The Coronavirus outbreak is changing our habits and crooks are attempting to take advantage of the popularity of online communication platforms such as Zoom that are used by businesses, school classrooms and normal users.
Zoom has over 74,000 customers and 13 million monthly active users, its popularity exploded with the COVID19 outbreak because the platform is used by millions of students, government and private employees.
According to a report published by Check Point, experts observed a significant increase in the number of registrations for new fake “Zoom” domains and malicious “Zoom” executable files, both are evidence of malicious campaigns carried out by experts.
“During the past few weeks, we have witnessed a major increase in new domain registrations with names including “Zoom”, which is one of the most common video communication platforms used around the world.” reads the analysis published by CheckPoint.
“Since the beginning of the year, more than 1700 new domains were registered and 25% of them were registered in the past week.

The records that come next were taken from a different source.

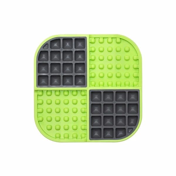 Die LickiMat Slomo kann als Anti-Schlingnapf fĂŒr kleine Hunde oder fĂŒr Snacks fĂŒr gröĂere Hunde eingesetzt werden. Mit der Leckmatte kannst flĂŒssige, nasse und trockene Speisen zusammen servieren und das ohne Sauerei und Unordnung.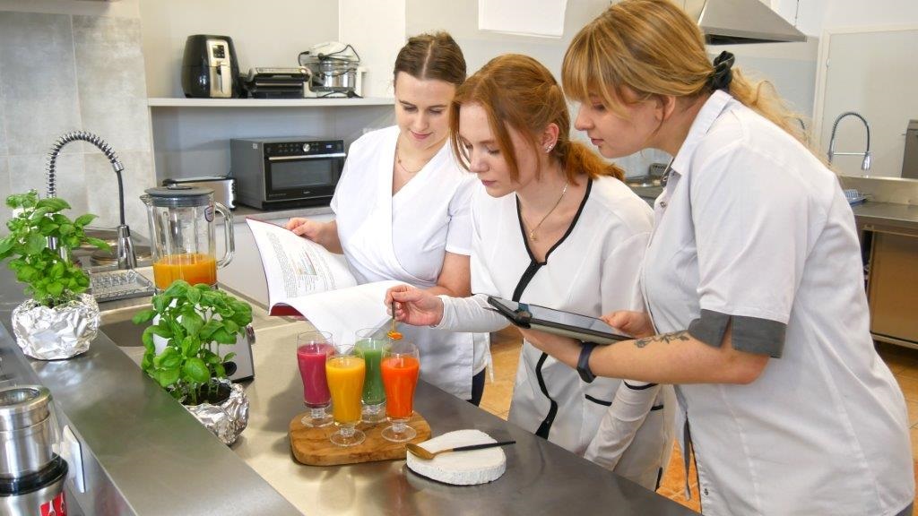 - pracownię technologii żywności, gdzie znajdują się stanowiska umożliwiające praktyczne sporządzanie zaplanowanych jadłospisów,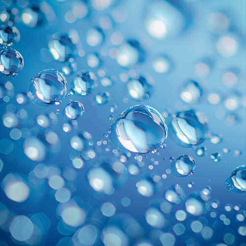 A close-up of multiple water droplets against a delicate light blue background, arranged in a pleasing pattern. Each droplet is highly detailed with visible reflections and highlights. The background is a soft, blurred light blue, creating a calm and refined effect. Soft lighting enhances the droplets’ clarity and sparkle. Created Using: Photorealistic, detailed droplets, blurred background, soft light, hd quality --v 6.0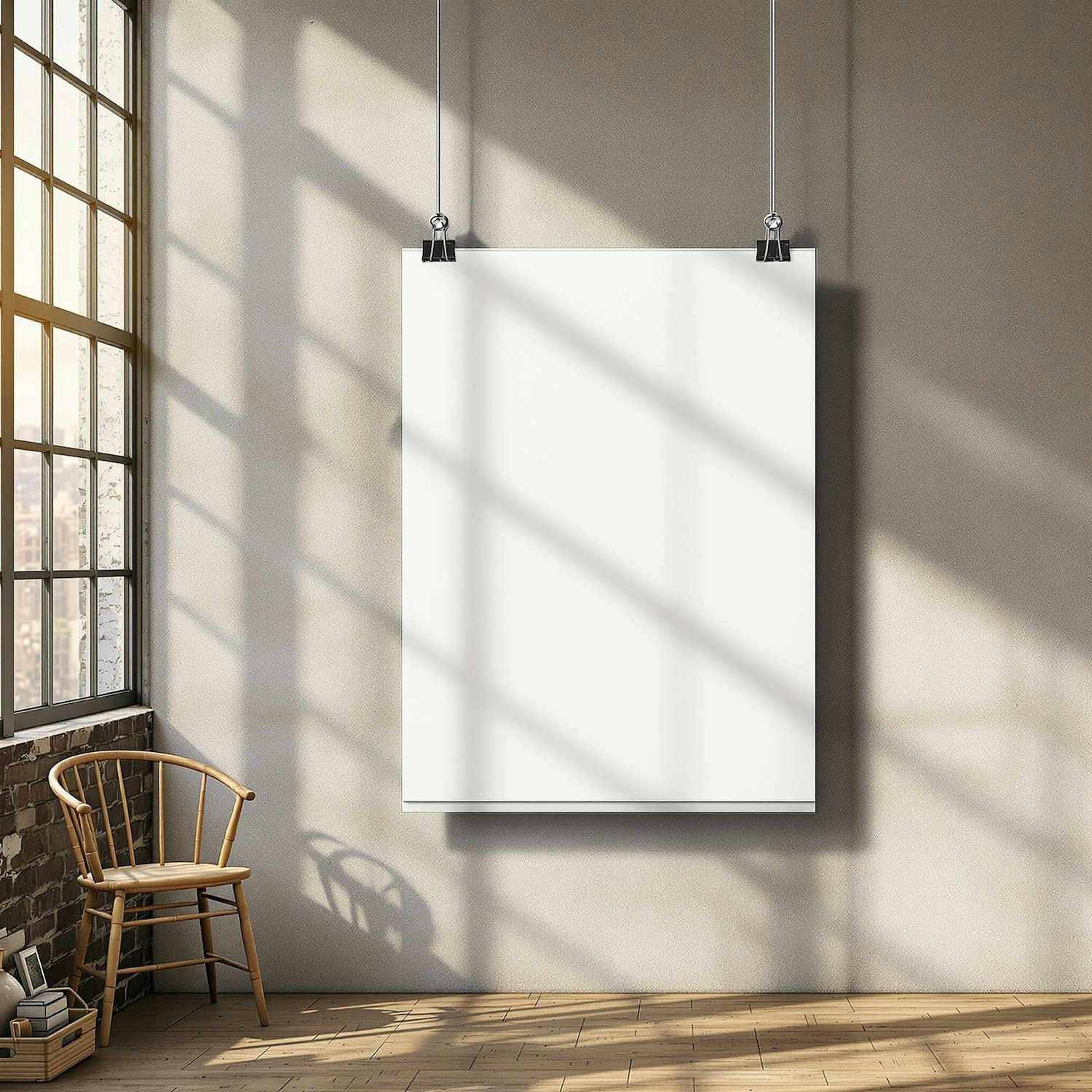 A minimalist modern poster mockup featuring a blank A3 frame suspended by two metal clips from a thin wire. The setting is an industrial yet artistic loft space with textured concrete walls, large factory-style windows casting dramatic shadows, and scattered vintage objects in the background. The floor is wooden, warm-toned, and slightly worn. The frame casts a natural soft shadow on the wall. Golden hour lighting with dust particles floating in the air. No reflections or text in the frame.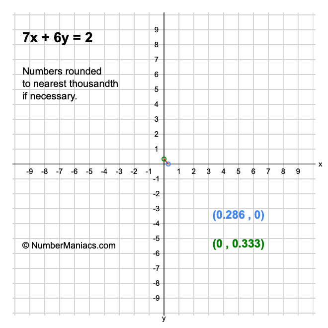 We will start by calculating and showing you the solution for the x-intercept and y-intercept of 7x + 6y = 2.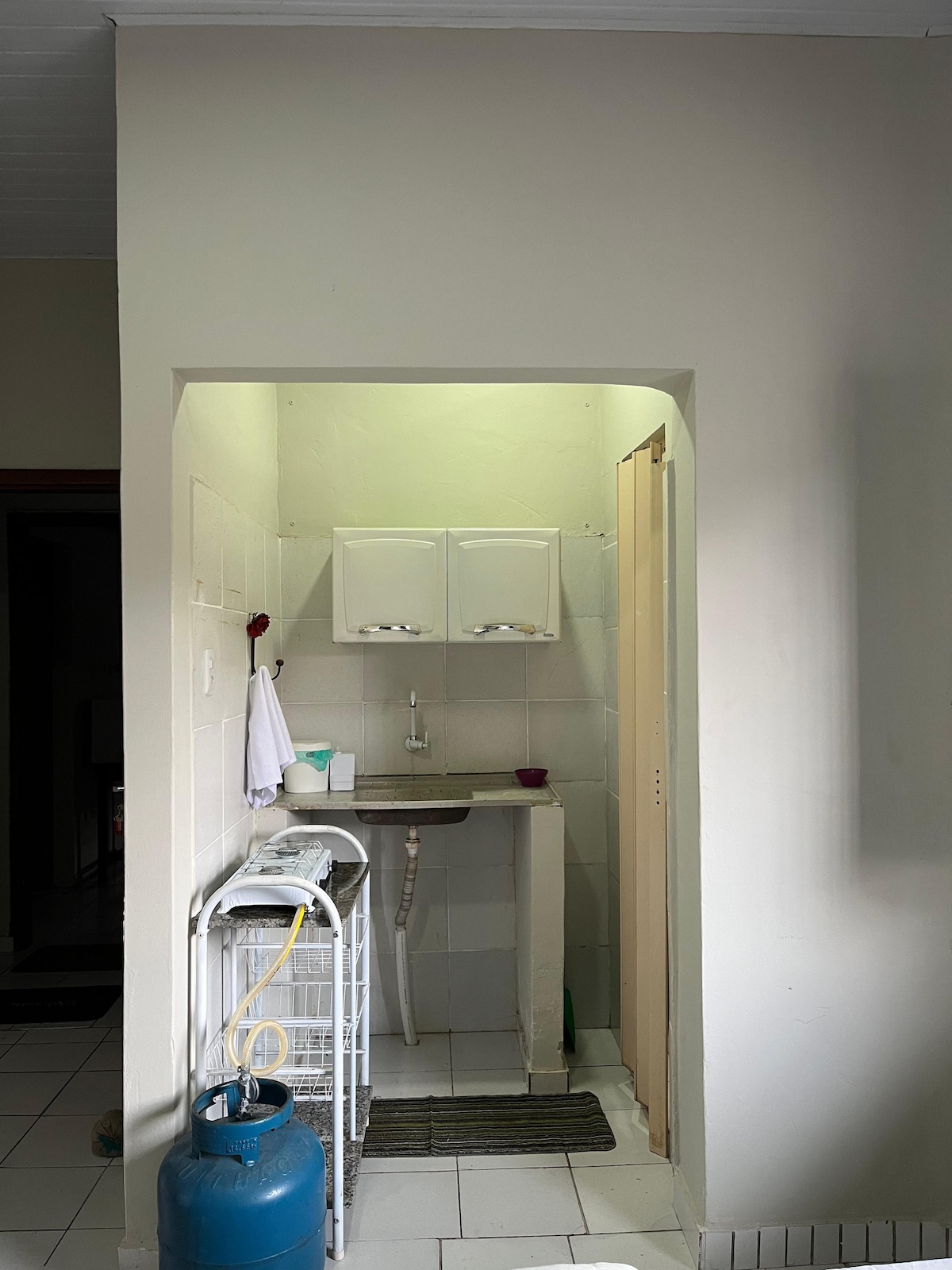 Esta acomodação tem tudo que você precisa para curta ou longa temporada. Quarto amplo e confortável, cama nova, colchão firme, Ar condicionado com manutenção em dia, banheiro amplo, cozinha completa com geladeira, pia, fogão e utensílios. A entrada da acomodação é totalmente independente com acesso logo de frente na Rua Raquel Lemos bairro caiçara.

Out of these registered domains, 4% have been found to contain suspicious characteristics.”
Check Point researchers observed over 1,700 new “Zoom” domains that have been registered since the beginning of the Coronavirus outbreak, with 25 percent of them registered in the last week.
Experts have also detected malicious files with names such as “zoom-us-zoom_##########
Check Point pointed out that crooks are also targeting other applications widely adopted during this period due to the Coronavirus epidemic, such as Google Classroom.
Threat actors registered malicious domains like googloclassroom[.]com and googieclassroom[.]com to deliver malware.